Moving This Strategy Forward

“This study is positive for the combination of buparlisib and fulvestrant. It is encouraging to see a PI3K-targeted therapy can improve outcomes beyond standard therapy in heavily pretreated patients who progressed on mTOR [mammalian target of rapamycin] treatment,” declared ­Tufia Haddad, MD, a medical oncologist at Mayo Clinic, Rochester, Minnesota. “The progression-free survival improvement is modest and might be worth it if buparlisib did not have more toxicity than standard therapy.”

Tufia Haddad, MD

Dr. Haddad continued: “Buparlisib is a pan-PI3K inhibitor. Newer agents more specific for the alpha isoform appear to have a more favorable side-effect profile. In the early phase trials with these agents, we are not seeing the same rate of severe mood disorders. We hope to move this strategy forward with PIK3-alpha specific ­inhibitors.”

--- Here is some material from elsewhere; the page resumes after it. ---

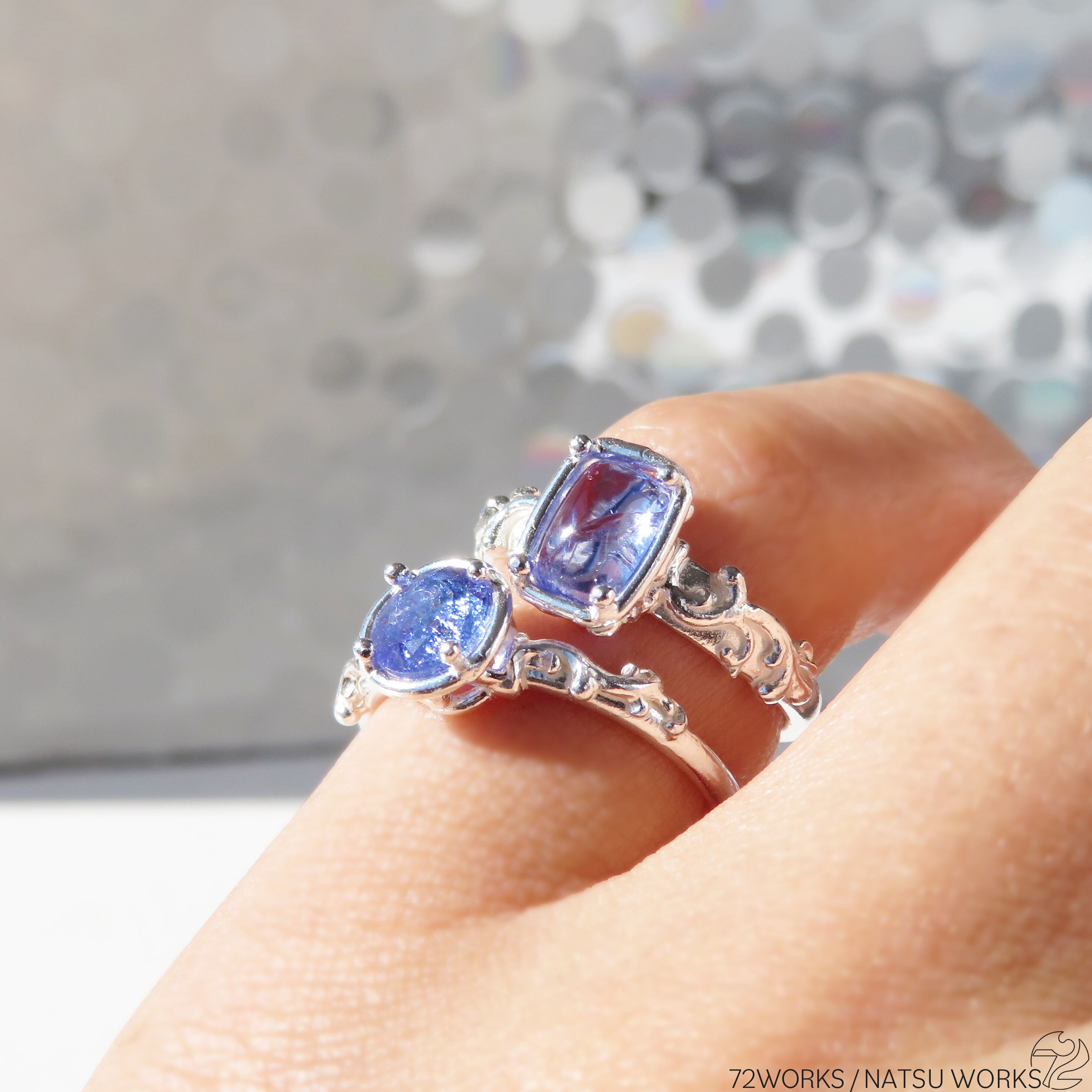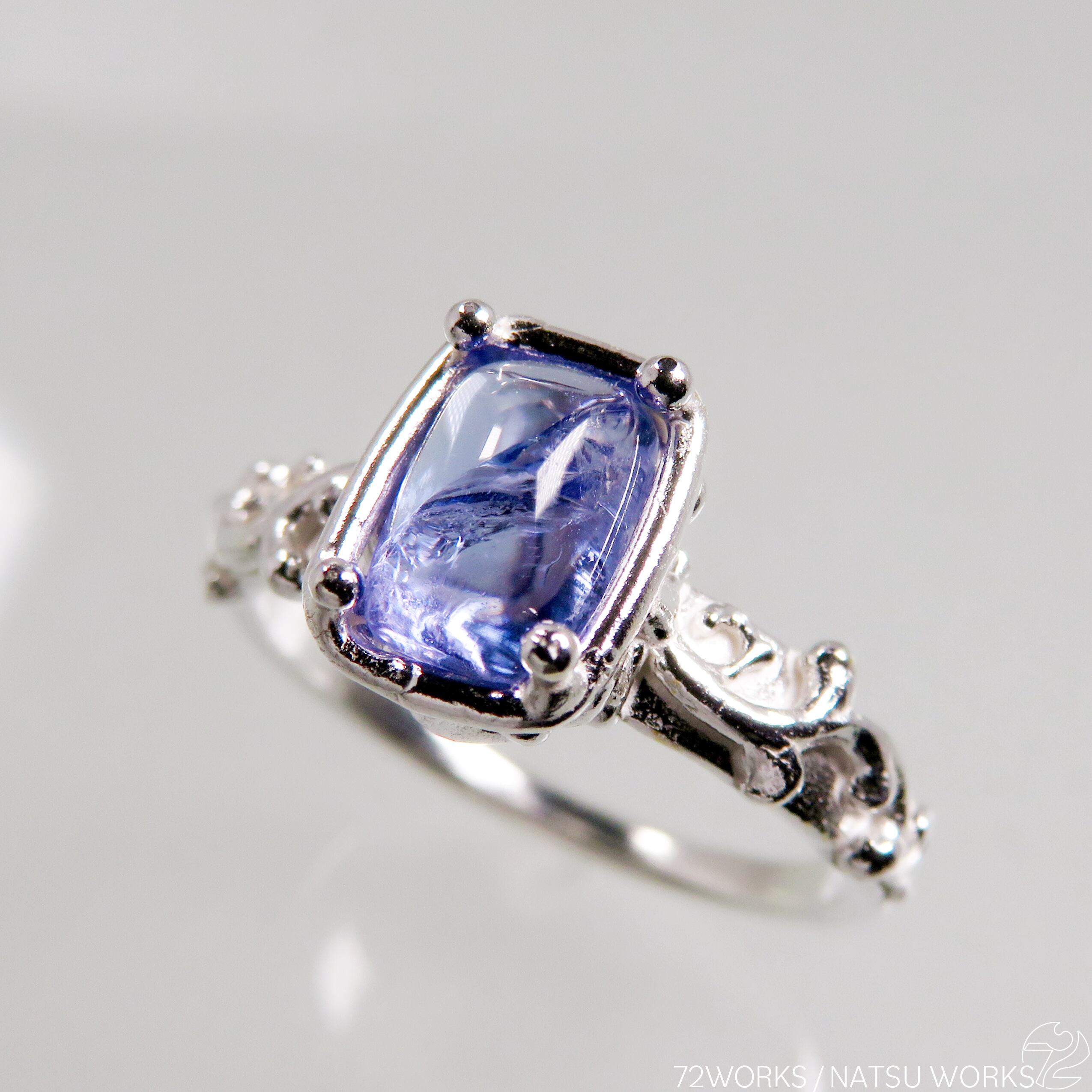 深みのあるブルーが映える石を、ボタニカルな細身のリングにセットしました。

“The other take-home messages from this trial are signals for improved activity in patients with PIK3CA mutations,” added Dr. Haddad. “We need to validate the benefit in this subgroup, and identify the best method to detect this mutation. The best strategy may be to screen patients for a PIK3CA mutation for future clinical trials with these agents,” she concluded. ■

Disclosure: Drs. Arteagav and Haddad reported no potential conflicts of interest. Dr. Hurvitz has received research funding from Amgen, Bayer, Boehringer Ingelheim, Genentech, GlaxoSmithKline, Lilly, Novartis, Dignitana, Pfizer, Roche, BioMarin, Merrimack, OBI Pharma, Puma Biotechnology, and Medivation.